* **EXERCISE**: Starting at the line containing "This page from" and ending at the line containing "北海道出版企画センター 昭和55年2月発行 A5判箱入.", print every line of the material below exactly, both ends included, and stop there.

* **ENTRIES PROVIDED**:
☆ ☆ ☆ ☆ ☆ ☆ ☆
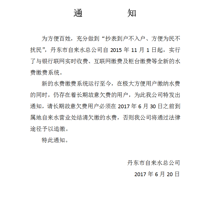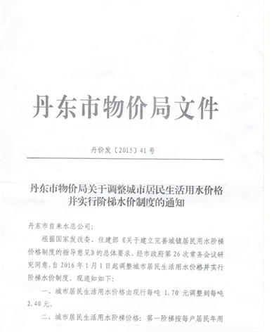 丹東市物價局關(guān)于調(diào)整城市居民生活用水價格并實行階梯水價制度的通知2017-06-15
☆ ☆ ☆ ☆ ☆ ☆ ☆
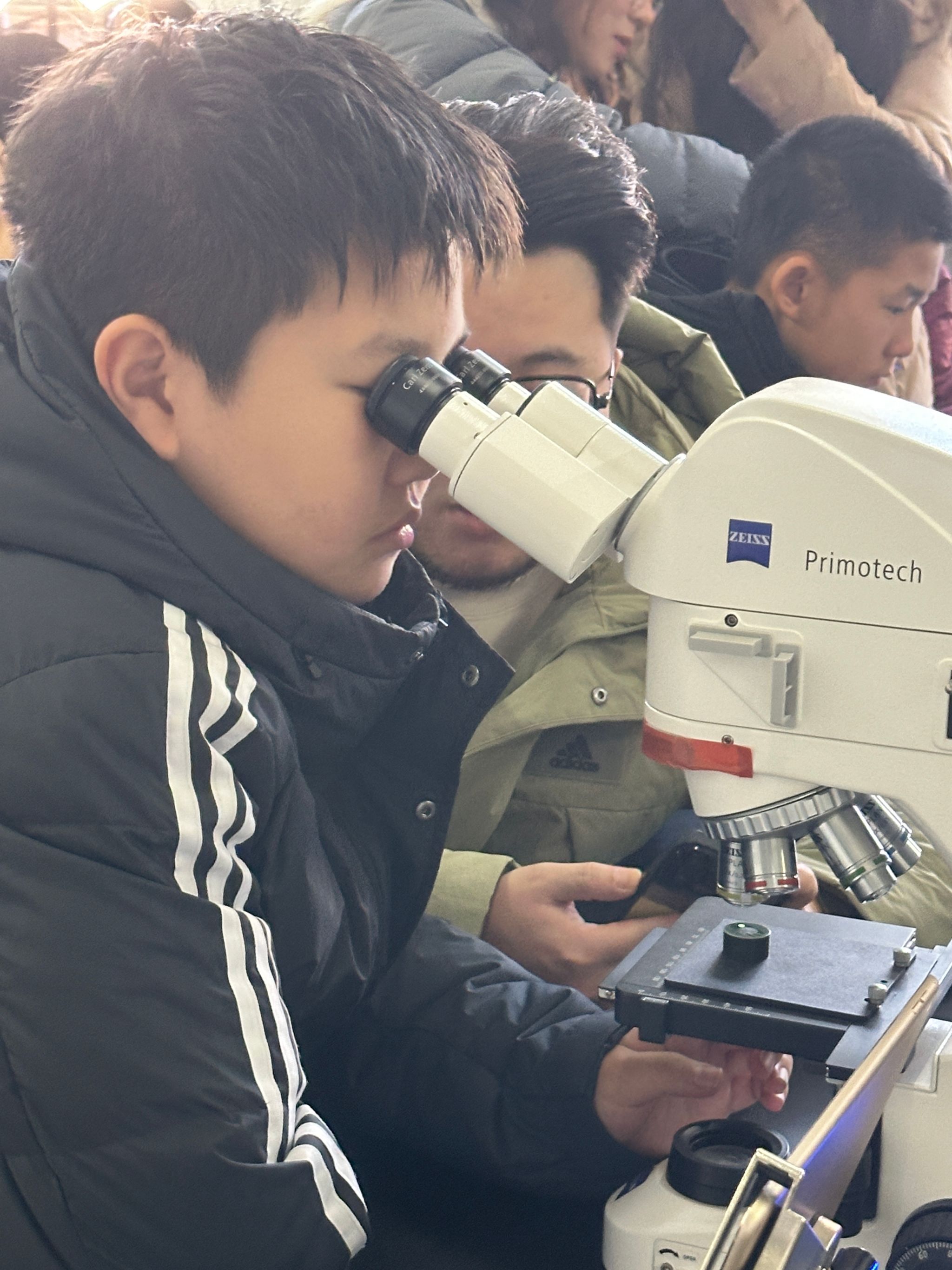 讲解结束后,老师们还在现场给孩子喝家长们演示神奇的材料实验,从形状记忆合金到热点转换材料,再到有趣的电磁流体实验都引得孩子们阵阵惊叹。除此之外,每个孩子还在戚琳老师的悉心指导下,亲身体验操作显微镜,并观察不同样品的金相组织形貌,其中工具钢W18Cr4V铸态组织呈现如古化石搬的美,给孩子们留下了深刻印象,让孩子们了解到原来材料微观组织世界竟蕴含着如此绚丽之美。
☆ ☆ ☆ ☆ ☆ ☆ ☆
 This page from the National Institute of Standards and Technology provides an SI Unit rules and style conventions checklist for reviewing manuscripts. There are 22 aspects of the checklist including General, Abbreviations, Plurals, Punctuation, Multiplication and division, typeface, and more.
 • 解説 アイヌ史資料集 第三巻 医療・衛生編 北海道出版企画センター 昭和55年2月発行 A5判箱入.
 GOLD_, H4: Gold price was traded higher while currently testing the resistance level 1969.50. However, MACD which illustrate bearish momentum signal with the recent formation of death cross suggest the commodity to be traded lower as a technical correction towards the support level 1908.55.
☆ ☆ ☆ ☆ ☆ ☆ ☆
* **EXERCISE OUTPUT**:
 This page from the National Institute of Standards and Technology provides an SI Unit rules and style conventions checklist for reviewing manuscripts. There are 22 aspects of the checklist including General, Abbreviations, Plurals, Punctuation, Multiplication and division, typeface, and more.
 • 解説 アイヌ史資料集 第三巻 医療・衛生編 北海道出版企画センター 昭和55年2月発行 A5判箱入.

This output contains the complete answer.